THE PROBLEM –
Repeat the data below in full. Pictures must not be part of the copy.

##### PROVIDED MATERIAL

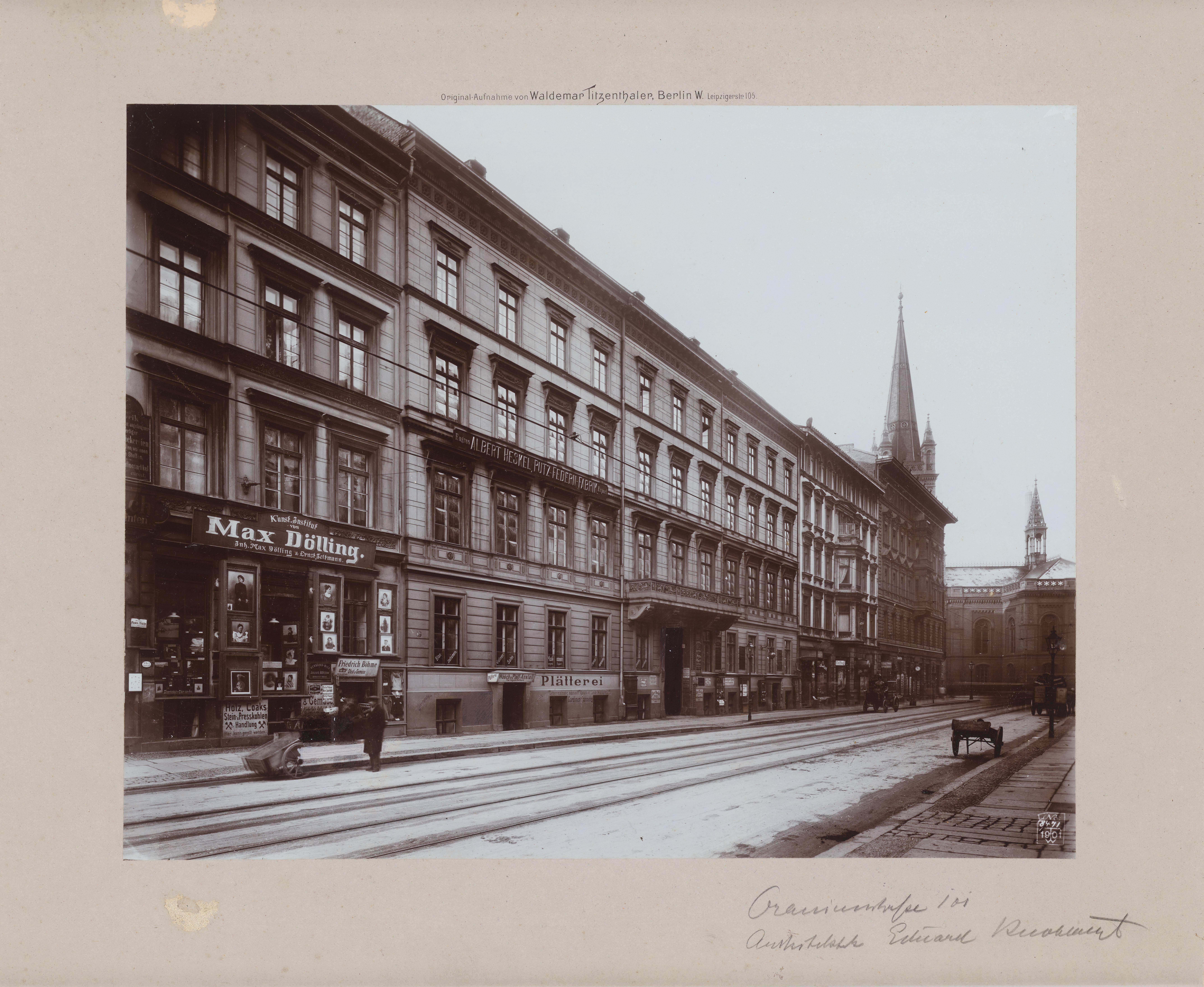 Die Aufnahmen, die ab der zweiten Hälfte des 19.Jahrhunderts Fotografen wie Waldemar Titzenthaler auf ihren Streifzügen durch Berlin angefertigt haben, prägen unser Bild von der »schwarz-weißen« Stadt vergangener Tage. 1901 entstand Titzenthalers Aufnahme des Hauses Oranienstraße 101/102, das Carl Heinrich Eduard Knoblauch 1846 für sich selbst entworfen und in der jungen Luisenstadt im heutigen Kreuzberg hatte bauen lassen. Das Mehrfamilienhaus war in seiner Fassadengestaltung ein prototypischer Entwurf jener unzähligen Mietshäuser, die im späten 19. Jahrhundert dem urbanen Wohnen Berlins sein Gesicht gaben. Allerdings löste hier die Gestaltung der Wohnungen den von der Fassade formulierten Repräsentationsanspruch noch ein: Salons, Wohnräume und Dienstbotenflügel entfalteten eine Größe, die bis dahin nahezu ausschließlich dem adeligen Wohnen vorbehalten gewesen war. Das sollte sich wenig später ändern. Äußerlich kaum zu unterscheiden, mussten sich in den Berliner Mietskasernen der Kaiserzeit ungleich mehr Menschen unter widrigen hygienischen Verhältnissen auf dafür kaum geeigneten Grundrissen drängen. Die Fassaden dieser Spekulationsobjekte waren nur noch schöner Schein, der das soziale Elend der Großstadt mehr schlecht als recht verbergen konnte.
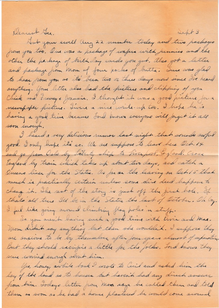 I heard a very delicious rumor last night that sounds awful good. I only hope it’s so. We are suppose to leave here Oct. 14 and go from Oslo by Liberty ship to Liverpool, England. Cross England by train, which takes up about two days, and catch a Queen’s liner for the States. As far as the leaving on Oct 15 that much is practically certain unless some dire deed happens to change it. The rest of the story is just off the first hole. If that’s all true, I’ll be in the States the last of October. Oh boy. I feel like going around climbing flagpoles ’n stuff.
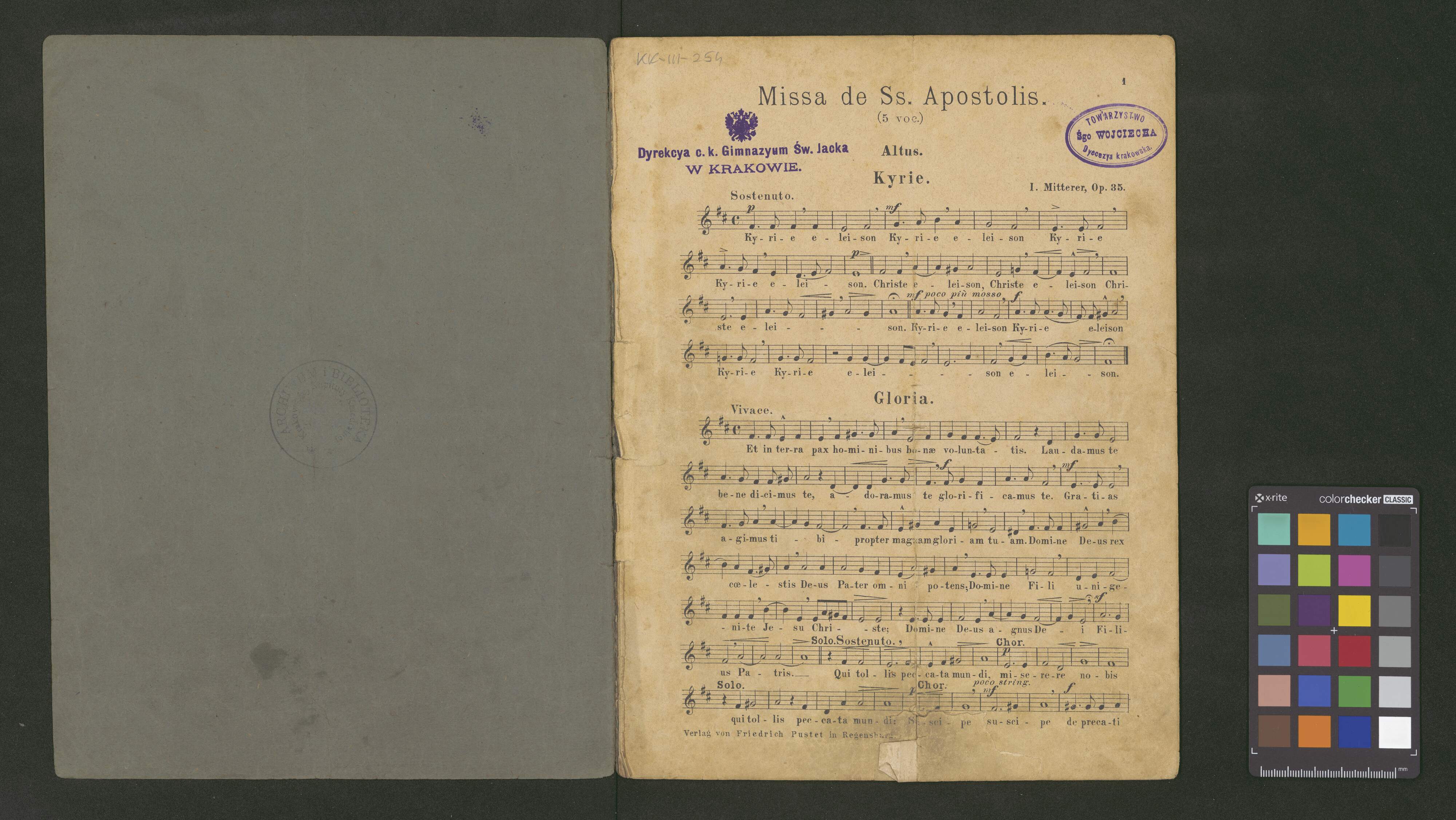 [page title:] MISSA BREVIS | DE SANCTUS APOSTOLIS | QINQUE VOCUM. | COMPOSUIT | IGNATIUS MITTERER | ECCL. CATH. BRIXINENSIS CHORI RECTOR | Op. 35 | MDCCCLXXXVI. | RATISBONAE, NEO EBORACI & CINCINNATII. | SUMPTIBUS ET CHARTIS FRIDERICI PUSTET, | S. SEDIS APOSTOLICAE TYPOGRAPHI

##########

PROBLEM SOLUTION –
 Die Aufnahmen, die ab der zweiten Hälfte des 19.Jahrhunderts Fotografen wie Waldemar Titzenthaler auf ihren Streifzügen durch Berlin angefertigt haben, prägen unser Bild von der »schwarz-weißen« Stadt vergangener Tage. 1901 entstand Titzenthalers Aufnahme des Hauses Oranienstraße 101/102, das Carl Heinrich Eduard Knoblauch 1846 für sich selbst entworfen und in der jungen Luisenstadt im heutigen Kreuzberg hatte bauen lassen. Das Mehrfamilienhaus war in seiner Fassadengestaltung ein prototypischer Entwurf jener unzähligen Mietshäuser, die im späten 19. Jahrhundert dem urbanen Wohnen Berlins sein Gesicht gaben. Allerdings löste hier die Gestaltung der Wohnungen den von der Fassade formulierten Repräsentationsanspruch noch ein: Salons, Wohnräume und Dienstbotenflügel entfalteten eine Größe, die bis dahin nahezu ausschließlich dem adeligen Wohnen vorbehalten gewesen war. Das sollte sich wenig später ändern. Äußerlich kaum zu unterscheiden, mussten sich in den Berliner Mietskasernen der Kaiserzeit ungleich mehr Menschen unter widrigen hygienischen Verhältnissen auf dafür kaum geeigneten Grundrissen drängen. Die Fassaden dieser Spekulationsobjekte waren nur noch schöner Schein, der das soziale Elend der Großstadt mehr schlecht als recht verbergen konnte.
 I heard a very delicious rumor last night that sounds awful good. I only hope it’s so. We are suppose to leave here Oct. 14 and go from Oslo by Liberty ship to Liverpool, England. Cross England by train, which takes up about two days, and catch a Queen’s liner for the States. As far as the leaving on Oct 15 that much is practically certain unless some dire deed happens to change it. The rest of the story is just off the first hole. If that’s all true, I’ll be in the States the last of October. Oh boy. I feel like going around climbing flagpoles ’n stuff.
 [page title:] MISSA BREVIS | DE SANCTUS APOSTOLIS | QINQUE VOCUM. | COMPOSUIT | IGNATIUS MITTERER | ECCL. CATH. BRIXINENSIS CHORI RECTOR | Op. 35 | MDCCCLXXXVI. | RATISBONAE, NEO EBORACI & CINCINNATII. | SUMPTIBUS ET CHARTIS FRIDERICI PUSTET, | S. SEDIS APOSTOLICAE TYPOGRAPHI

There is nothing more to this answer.